Hex Publishers
- Founded: 2014; 12 years ago
- Country of origin: United States
- Headquarters location: Erie, Colorado
- Key people: Joshua Viola
- Publication types: Books, E-books
- Imprints: JAM Publishers
- Owner: Joshua Viola
- Official website: hexpublishers.com

= Hex Publishers =

American publishing company

Hex Publishers is an independent publishing company based in Erie, Colorado, USA, that specializes in genre fiction including science fiction, horror and dark fantasy, and publishes the online magazine Words, which features free short fiction, movie reviews and author interviews. Hex was founded by Joshua Viola (owner) and Dean Wyant on October 31, 2014, before the company's first release, Nightmares Unhinged.

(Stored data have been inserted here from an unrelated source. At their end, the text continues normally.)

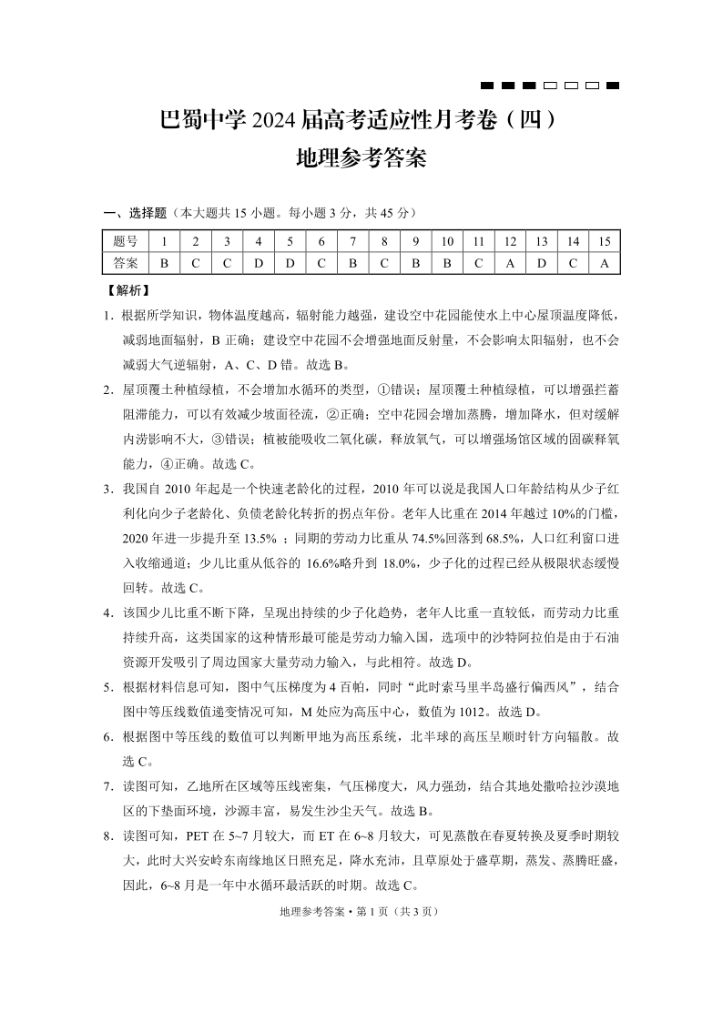 重庆市巴蜀中学2024届高考适应性月考卷(四)地理答案
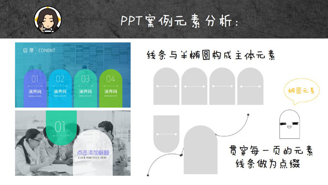 设计元素在PPT中的运用。对于任何一种设计来说,设计元素在设计中都是必须的。没有了设计元素,就好比Iphone没有了Ios,写文章没有了主旨,歌曲没有了旋律。这些对于一个物体来说都是:灵魂!没有了灵魂,我们怎么去突出其个性与差异化呢?下面让我们一起来学学设计元素吧!首先,还是先让我们来看看案例吧,在看案例的过程中,我们要学会分析案例,提取出案例中的设计元素……
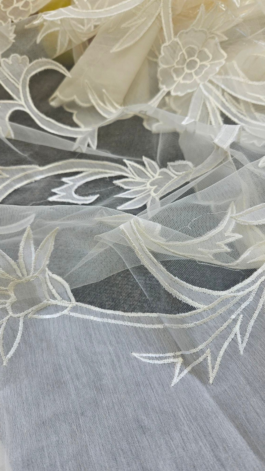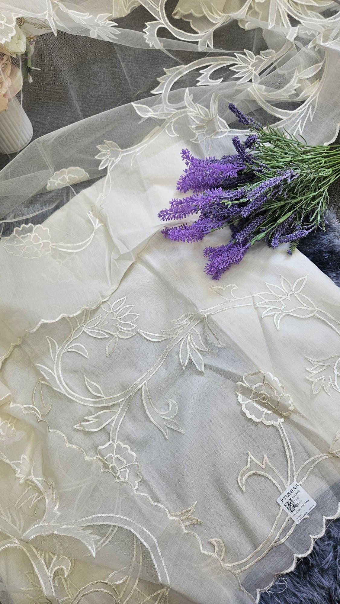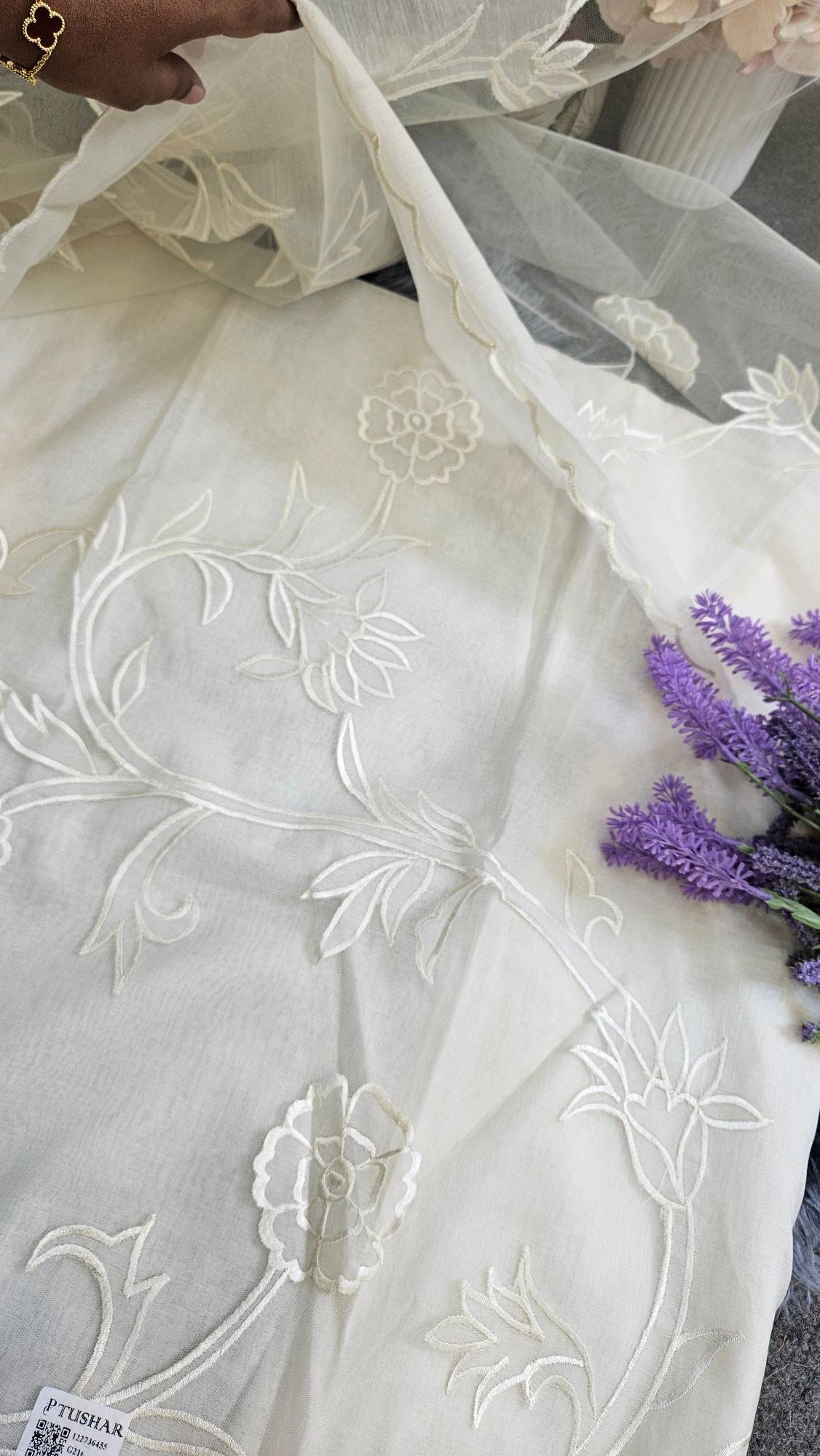 Soft, breathable mul Chanderi in an elegant ivory hue, highlighted with delicate appliqué work. The subtle sheen and handcrafted detailing create a timeless, graceful look—perfect for refined boutique wear and understated festive elegance.

By 2019, Viola had spent over $100,000 on Hex.

==Authors==
Authors published by Hex Publishers include Carrie Vaughn, Edward Bryant, Steve Alten, Jeanne C. Stein, Kat Richardson, Paolo Bacigalupi, Minister Faust, Stephen Graham Jones, Steve Rasnic Tem, Richard Kadrey, Matthew Kressel, Cat Rambo, Sarah Pinsker, Alyssa Wong, Mike Resnick, Alistair Rennie and E. Lily Yu.